You need to install Solr 1.4.1 (the old version that CKAN uses, matches the version provided with Ubuntu 10.04) from source. Follow the Installing Solr on Red Hat instructions.

Setup PostgreSQL

First install and start the PostgreSQL database server:

$ sudo yum install postgresql postgresql-server postgresql-devel
$ sudo service postgresql initdb
$ sudo service postgresql start
$ sudo su
root$ sudo -u postgres psql -l

The last command should print out a list of databases.

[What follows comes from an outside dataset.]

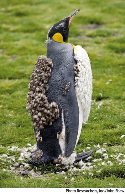 molt AHD[mōlt] D.J.[məʊlt]K.K.[molt]v.(动词)molt.ed, molt.ing, molts v.intr.(不及物动词) moltking penguin molting- To shed periodically part or all of a coat or an outer covering, such as feathers, cuticle, or skin, which is then replaced by a new growth.蜕皮,换毛:分阶段地脱掉部分或全身的皮毛或表面覆盖物,如羽毛、表皮或外皮,随后便为新长出的代替

Now create the CKAN database user and database, when asked for a password enter "pass":

root$ sudo -u postgres createuser -S -D -R -P ckanuser
root$ sudo -u postgres createdb -O ckanuser ckantest

Finally, as root, edit the file at /var/lib/pgsql/data/pg_hba.conf and change the three occurrences of "ident" to "trust":

# TYPE  DATABASE    USER        CIDR-ADDRESS          METHOD

# "local" is for Unix domain socket connections only
local   all         all                               trust
# IPv4 local connections:
host    all         all         127.0.0.1/32          trust
# IPv6 local connections:
host    all         all         ::1/128               trust

Install CKAN and it's Dependencies

Install some of CKAN's dependencies that are available via yum:

$ sudo yum install mercurial python-devel libxml2-devel libxslt-devel git subversion python-babel python-psycopg2 python-lxml python-pylons python-repoze-who python-repoze-who python-repoze-who-plugins-sa python-repoze-who-testutil python-repoze-who-friendlyform python-tempita python-zope-interface

Use easy_install to install pip and then use pip to install virtualenv:

$ sudo easy_install pip
$ sudo pip install virtualenv

Create a virtual environment, activate it and install CKAN into it. For example. this will install the latest development version of CKAN:

$ virtualenv pyenv
$ . pyenv/bin/activate
(pyenv)$ pip install --ignore-installed -e 'git+https://github.com/okfn/ckan.git#egg=ckan'

Install more CKAN dependencies into the virtualenv:

(pyenv)$ pip install --ignore-installed -r pyenv/src/ckan/requires/lucid_missing.txt -r pyenv/src/ckan/requires/lucid_conflict.txt
(pyenv)$ pip install webob==1.0.8
(pyenv)$ pip install --ignore-installed -r pyenv/src/ckan/requires/lucid_present.txt 
(pyenv)$ deactivate
$ . pyenv/bin/activate
(pyenv) $

(You may be able to save some time by missing out the --ignore-installed from the last pip install command as some of those packages have already been installed by yum.)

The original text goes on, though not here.